Top of The data
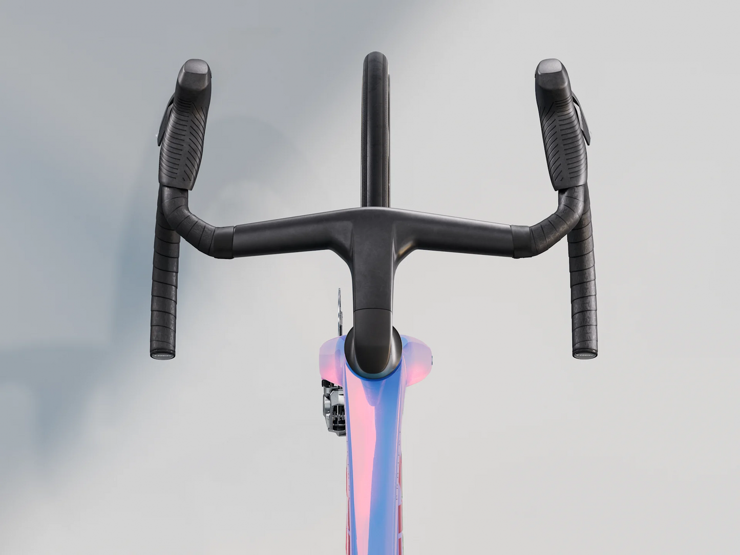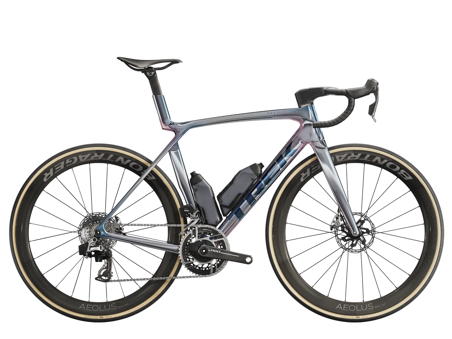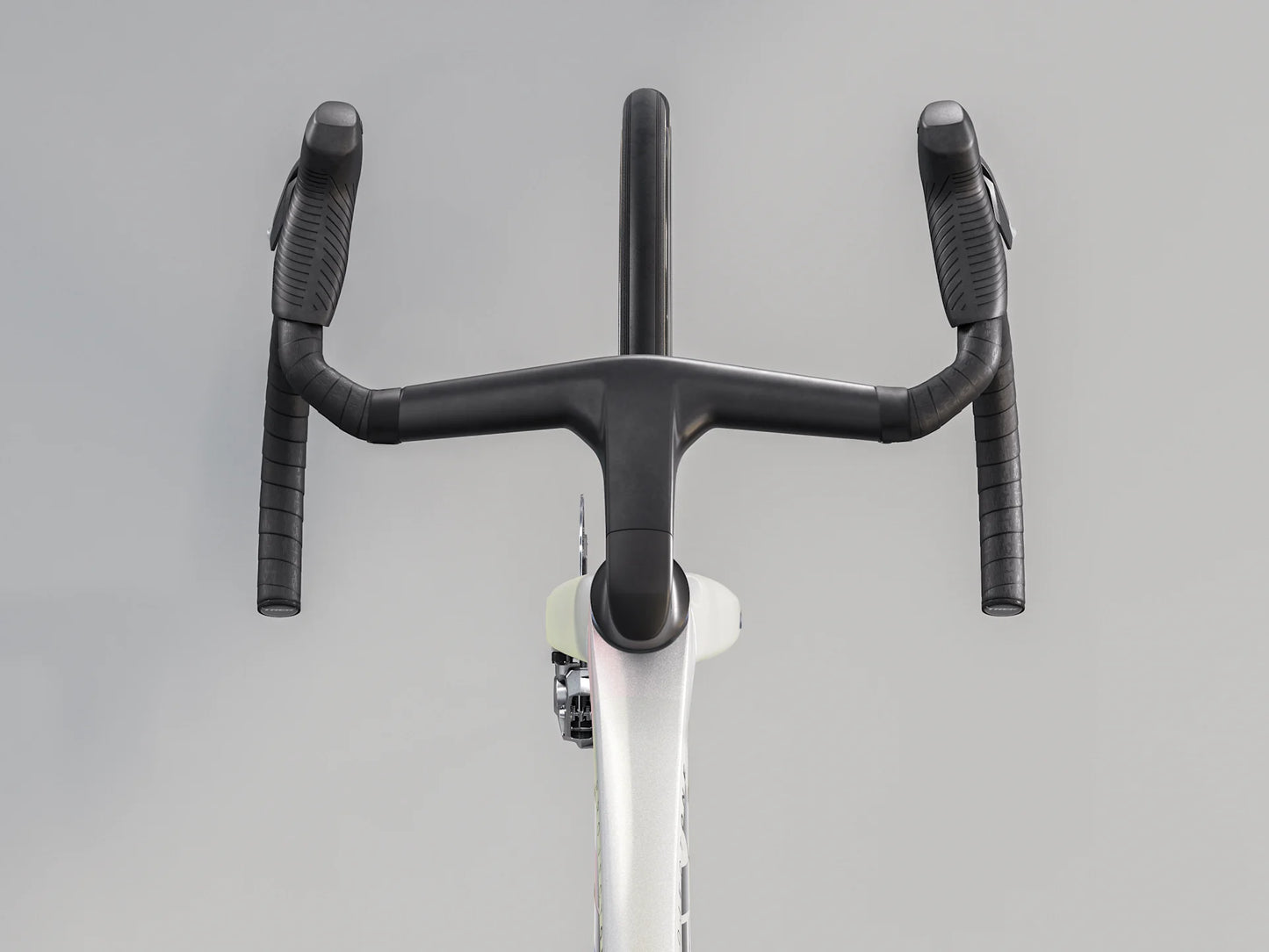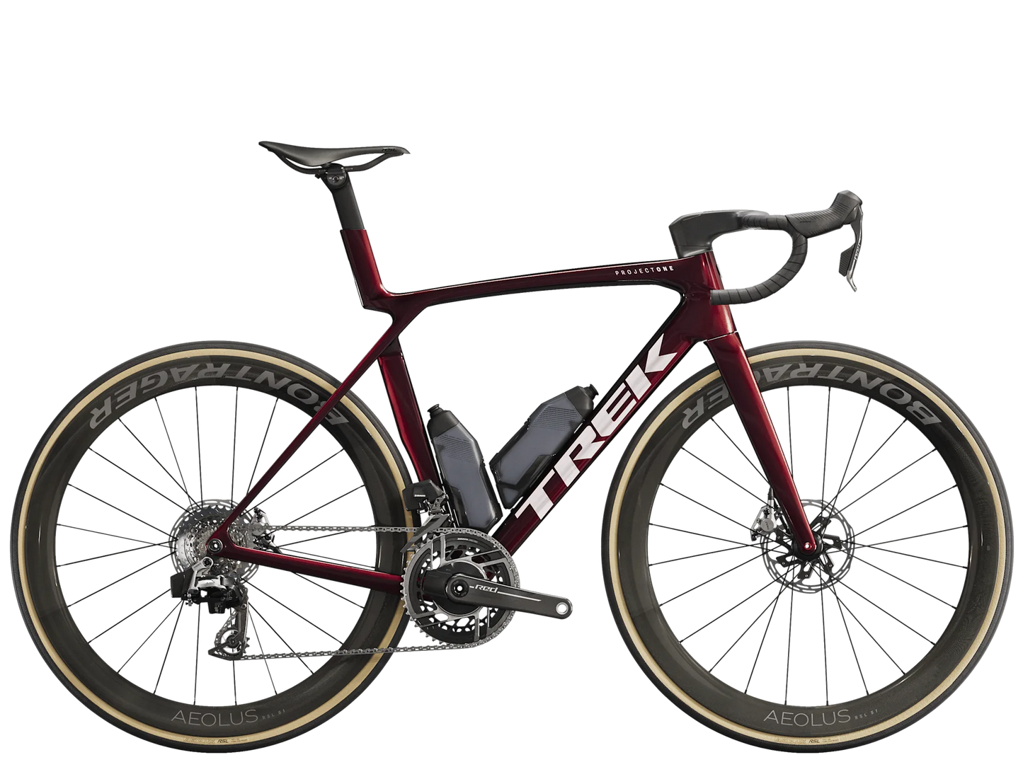 The Madone SLR 9 AXS Gen 8 is built for dominating the roads with equal parts light weight and aerodynamic speed. It's crafted from our highest-level 900 Series OCLV Carbon that's not only insanely light, but delivers aerodynamic shapes for crushing descents and straightaways. Lightweight IsoFlow frame technology means that Madone doesn't sacrifice comfort for speed. This build comes ready to win with a top-level SRAM RED AXS drivetrain with a power meter, carbon wheels, a Trek Aero RSL one-piece carbon bar/stem and RSL Aero Bottles and Cages for more drag reduction
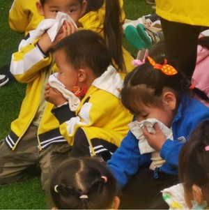 当天15时30分,警报骤响,老师们各就各位,按照预案的疏散线路,沉着冷静地指挥孩子们捂住口鼻,弯腰小步快走,有序撤离,迅速下楼,疏散到操场。
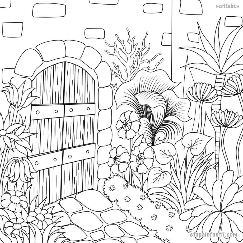 Descarga aquí el dibujo portal y jardín en primavera para imprimir y colorear.
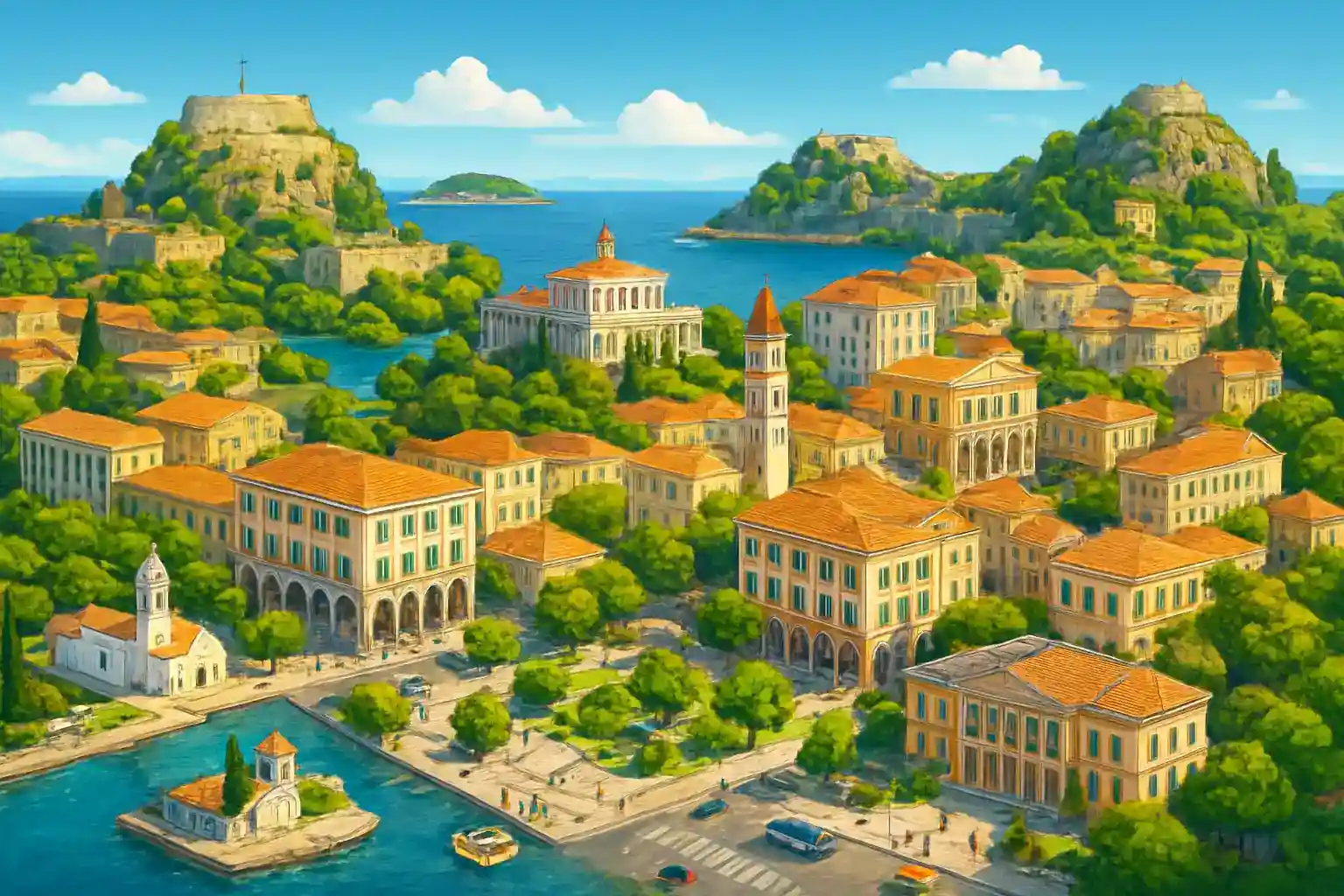 1 fournisseurs centre-ville Corfu. Récupérez les clés et explorez.
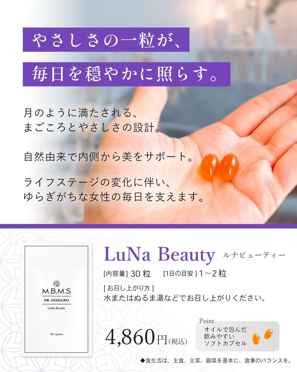 それが、石黒先生が「女性のゆらぎに寄り添いたい」という一心で設計してくださった「LuNa Beauty(ルナビューティ)」
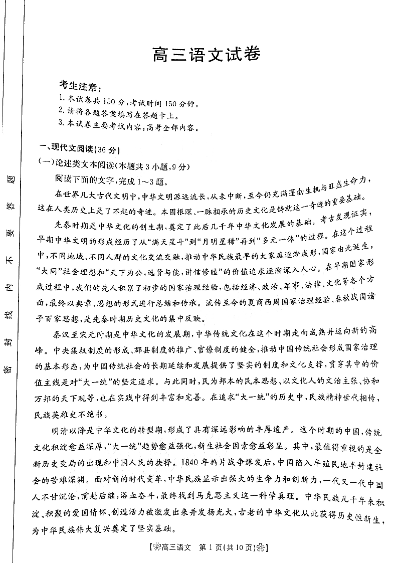 甘肃省陇南市2023届高三二诊 语文
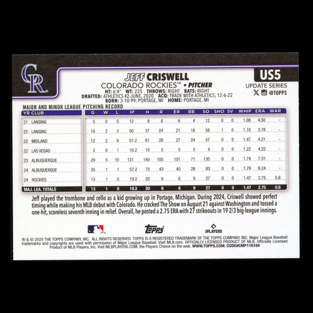 Jeff Criswell RC 2025 Topps Update Rookie Rockies
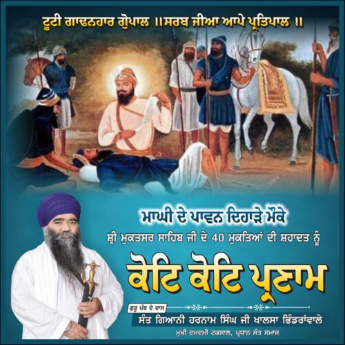 ਦਮਦਮੀ ਟਕਸਾਲ ਦੇ ਪੰਦਰਵ੍ਹੇਂ ਮੁਖੀ ਸੰਤ ਬਾਬਾ ਠਾਕੁਰ ਸਿੰਘ ਜੀ ਖਾਲਸਾ ਭਿੰਡਰਾਂਵਾਲੇ ਮੁਖੀ ਦਮਦਮੀ ਟਕਸਾਲ ਮਹਾਂਪੁਰਸ਼ਾਂ ਦੀ ਸਾਲਾਨਾ ਬਰਸੀ ਸਮਾਗਮ ਮਿਤੀ 24 ਦਸੰਬਰ 2025 ਨੂੰ ਦਮਦਮੀ ਟਕਸਾਲ ਦੇ ਮੁਖ ਅਸਥਾਨ ਗੁਰਦੁਆਰਾ ਗੁਰਦਰਸ਼ਨ ਪ੍ਰਕਾਸ਼ ਮਹਿਤਾ ਵਿਖੇ ਸੰਤ ਬਾਬਾ ਹਰਨਾਮ ਸਿੰਘ ਜੀ ਖਾਲਸਾ ਭਿੰਡਰਾਂਵਾਲੇ ਮੁਖੀ ਦਮਦਮੀ ਟਕਸਾਲ ਮਹਾਂਪੁਰਸ਼ਾਂ ਦੀ ਅਗੁਵਾਈ ‘ਚ ਮਨਾਇਆ ਜਾ ਰਿਹਾ ਹੈ ।
Bottom of The data
Task goal: Nothing but the lines from the first line of the listing above to the line containing "Jeff Criswell RC" should appear in the answer, each one exact and with no pictures.

Written answer:
 The Madone SLR 9 AXS Gen 8 is built for dominating the roads with equal parts light weight and aerodynamic speed. It's crafted from our highest-level 900 Series OCLV Carbon that's not only insanely light, but delivers aerodynamic shapes for crushing descents and straightaways. Lightweight IsoFlow frame technology means that Madone doesn't sacrifice comfort for speed. This build comes ready to win with a top-level SRAM RED AXS drivetrain with a power meter, carbon wheels, a Trek Aero RSL one-piece carbon bar/stem and RSL Aero Bottles and Cages for more drag reduction
 当天15时30分,警报骤响,老师们各就各位,按照预案的疏散线路,沉着冷静地指挥孩子们捂住口鼻,弯腰小步快走,有序撤离,迅速下楼,疏散到操场。
 Descarga aquí el dibujo portal y jardín en primavera para imprimir y colorear.
 1 fournisseurs centre-ville Corfu. Récupérez les clés et explorez.
 それが、石黒先生が「女性のゆらぎに寄り添いたい」という一心で設計してくださった「LuNa Beauty(ルナビューティ)」
 甘肃省陇南市2023届高三二诊 语文
 Jeff Criswell RC 2025 Topps Update Rookie Rockies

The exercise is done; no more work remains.